By analyzing existing cross correlation between Harmony Gold Mining and The Baldwin Insurance, you can compare the effects of market volatilities on Harmony Gold and Baldwin Insurance and check how they will diversify away market risk if combined in the same portfolio for a given time horizon. You can also utilize pair trading strategies of matching a long position in Harmony Gold with a short position of Baldwin Insurance. Check out your portfolio center. Please also check ongoing floating volatility patterns of Harmony Gold and Baldwin Insurance.
Diversification Opportunities for Harmony Gold and Baldwin Insurance
0.55 | Correlation Coefficient |
Very weak diversification
The 3 months correlation between Harmony and Baldwin is 0.55. Overlapping area represents the amount of risk that can be diversified away by holding Harmony Gold Mining and The Baldwin Insurance in the same portfolio, assuming nothing else is changed. The correlation between historical prices or returns on Baldwin Insurance and Harmony Gold is a relative statistical measure of the degree to which these equity instruments tend to move together. The correlation coefficient measures the extent to which returns on Harmony Gold Mining are associated (or correlated) with Baldwin Insurance. Values of the correlation coefficient range from -1 to +1, where. The correlation of zero (0) is possible when the price movement of Baldwin Insurance has no effect on the direction of Harmony Gold i.e., Harmony Gold and Baldwin Insurance go up and down completely randomly.

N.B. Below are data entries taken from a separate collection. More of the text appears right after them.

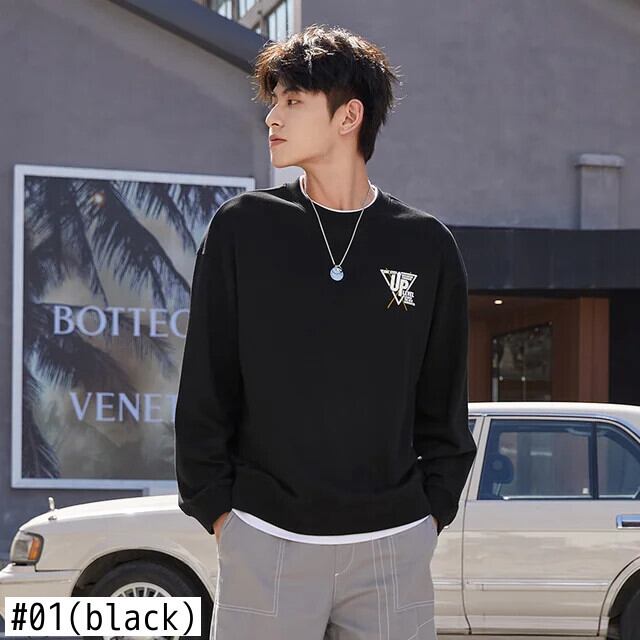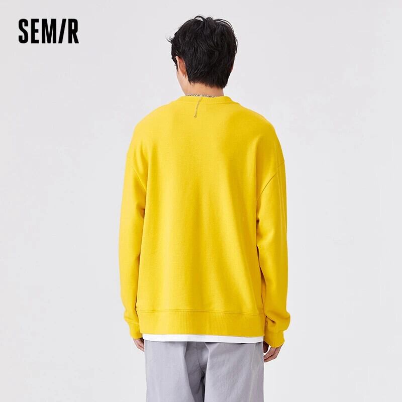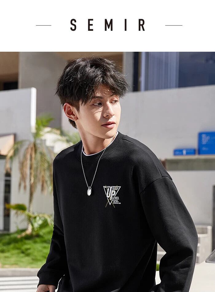 送料無料 SEMIR トレーナー男性偽ツーピーススプライシング秋 2021 ルーズラウンドネックパーカーメンズトレンディな黒ストリート服 ブラック オータム 秋物 Oネック AE1212777791131096228
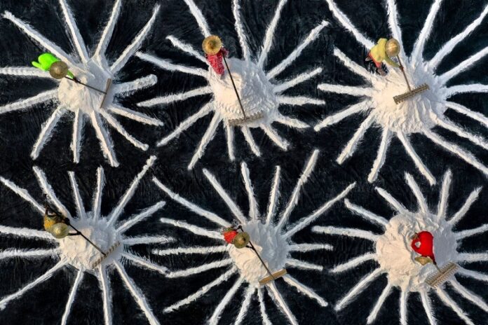 Trabajadores mueven la sal para formar líneas circulares, permitiendo una lenta evaporación al sol, una práctica que no ha cambiado desde los tiempos en que Ghandi organizó “La marcha de la sal” para denunciar el monopolio británico que explotaba estas minas en la costa del mar Arábigo. En 1930, el líder del movimiento de emancipación de la India recorrió junto a cientos de seguidores 400km, desde su retiro en Sabermanti hasta Danda, sin un atisbo de violencia, y al llegar al mar, el 6 de abril de 1930, se agachó y recogió un puñado de sal. Su gesto simbólico fue replicado por todo el país, desafiando las leyes británicas que los obligaba a pagar un impuesto por su utilización. Gandhi y otros 60.000 indios fueron arrestados. Meses después recuperaron su libertad, cuando el virrey reconoció el derecho de los indios a explotar sus recursos. Pero todavía habrían de pasar 18 años para que la India lograse su independencia.
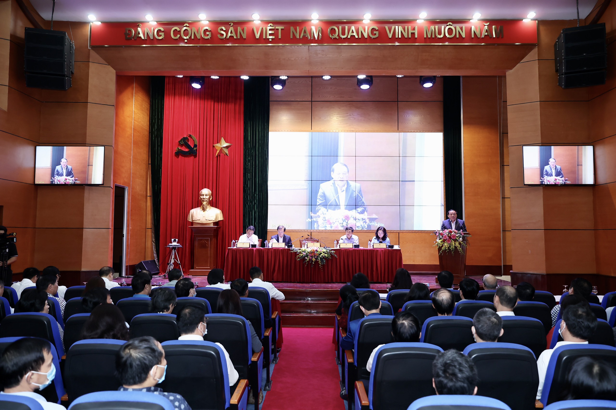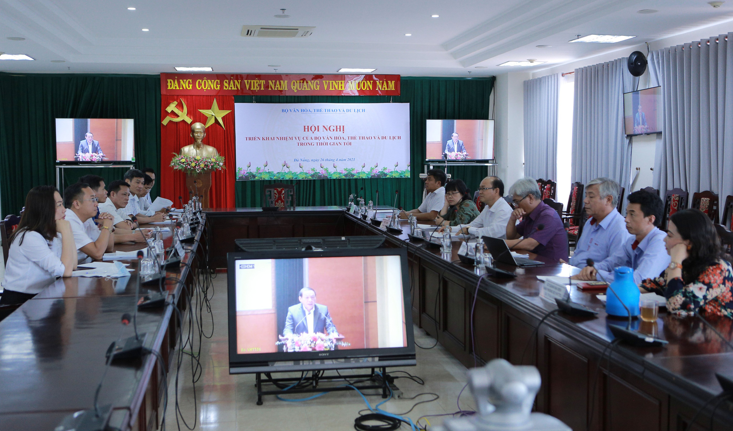Uỷ viên BCH Trung ương Đảng, Bộ trưởng Bộ VHTTDL Nguyễn Văn Hùng; các Thứ trưởng Bộ VHTTDL: Thứ trưởng Tạ Quang Đông; Thứ trưởng Trịnh Thị Thuỷ; Thứ trưởng Đoàn Văn Việt; Thứ trưởng Hoàng Đạo Cương đã chủ trì Hội nghị tại điểm cầu Hà Nội.
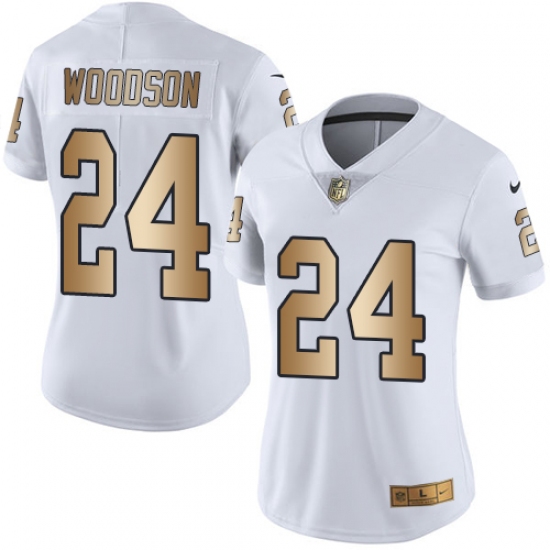 Home>NFL>Las Vegas Raiders>Charles Woodson>Women's Nike Oakland Raiders #24 Charles Woodson Limited White/Gold Rush NFL Jersey
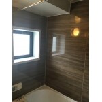 木目調のアクセントパネルを一面ではなく全面仕様でご提案することで、より高級感を感じられる空間としてご提案させていただきました。梁と窓のある浴室であったため、これらの加工も含まれています。
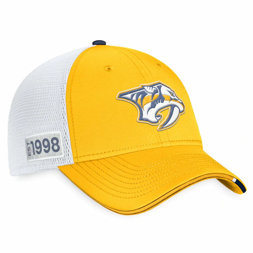 Get excited for the upcoming season as the Nashville Predators add fresh, new talent to their lineup by grabbing this FANATICS AUTHENTIC PRO 2022 NHL DRAFT STRUCTURED TRUCKER HAT. Its high crown adds style while its mesh panels add ventilation, keeping you comfortable all day long. This Fanatics Branded gear sports the same design and Nashville Predators graphics that the players will be wearing during the draft, ensuring that you always look and feel like the real deal.
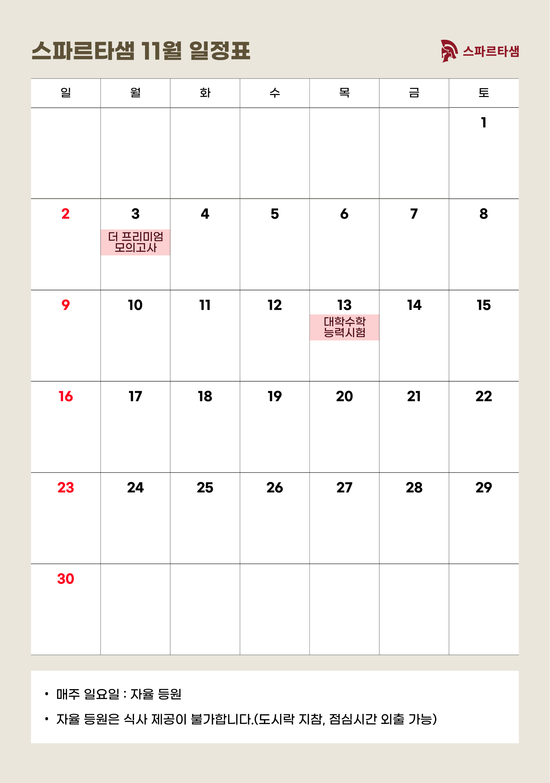 • 자율 학습 (매주 일, 법정공휴일)
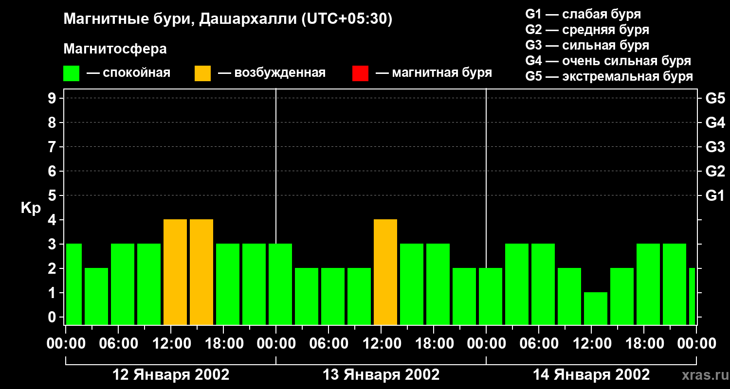 Изменения геомагнитного индекса Kp с 12 по 14 января 2002 года для средних широт
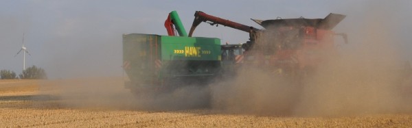 1 John Deere 8360R mit Hawe Dreiachs-Überladewagen
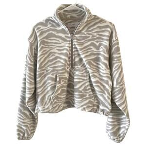 TNA Womens Animal Print Cropped Long Sleeve Fleece Jacket Gray White Small

Pair Corralation between Harmony Gold and Baldwin Insurance
Considering the 90-day investment horizon Harmony Gold Mining is expected to under-perform the Baldwin Insurance. In addition to that, Harmony Gold is 1.11 times more volatile than The Baldwin Insurance. It trades about -0.08 of its total potential returns per unit of risk. The Baldwin Insurance is currently generating about -0.08 per unit of volatility. If you would invest 4,775 in The Baldwin Insurance on September 22, 2024 and sell it today you would lose (800.00) from holding The Baldwin Insurance or give up 16.75% of portfolio value over 90 days.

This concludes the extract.